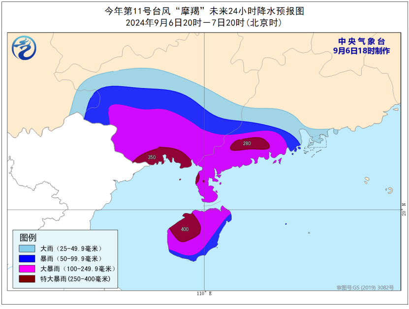 此外,9月6日20時至7日20時,廣西中南部、廣東西南部、海南島、雲南東南部等地有大到暴雨,部分地區有大暴雨。其中,廣西南部沿海、廣東西南部、海南島西部等地局地有特大暴雨(250~400毫米)。
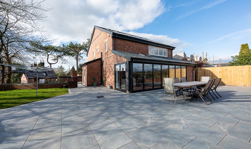 Externally, the rear garden has been designed for low maintenance and maximum enjoyment. A vast porcelain patio stretches across the rear of the home, providing multiple seating and dining areas, all perfectly positioned to take in the open rural aspect beyond the boundary wall. The bi-folding doors allow the kitchen and terrace to function as one expansive entertaining space during the warmer months, making this home particularly well suited to hosting. In addition to the patio, a generous lawned area to the side offers further outdoor space, ideal for children, pets or simply enjoying the peaceful surroundings.
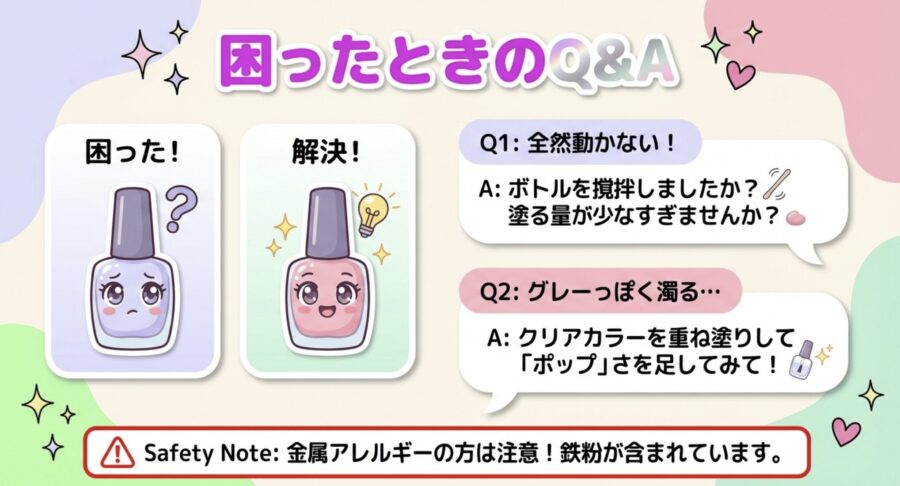 - 金属アレルギーの方は注意: マグネットネイルには微細な鉄粉が含まれているため、金属アレルギーがある方は使用を控える。
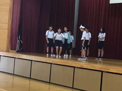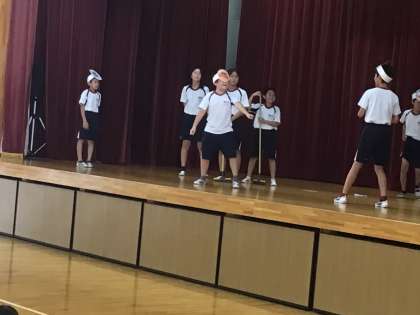 児童集会を行いました。企画委員による学校の紹介の劇を見て、みんなで遊べるゲームをして楽しみました。

* **Exercise prompt**
From the line with "Externally, the rear" through the end of the listing, write out every line exactly, leaving out the pictures.

* **Task result**
 Externally, the rear garden has been designed for low maintenance and maximum enjoyment. A vast porcelain patio stretches across the rear of the home, providing multiple seating and dining areas, all perfectly positioned to take in the open rural aspect beyond the boundary wall. The bi-folding doors allow the kitchen and terrace to function as one expansive entertaining space during the warmer months, making this home particularly well suited to hosting. In addition to the patio, a generous lawned area to the side offers further outdoor space, ideal for children, pets or simply enjoying the peaceful surroundings.
 - 金属アレルギーの方は注意: マグネットネイルには微細な鉄粉が含まれているため、金属アレルギーがある方は使用を控える。
 児童集会を行いました。企画委員による学校の紹介の劇を見て、みんなで遊べるゲームをして楽しみました。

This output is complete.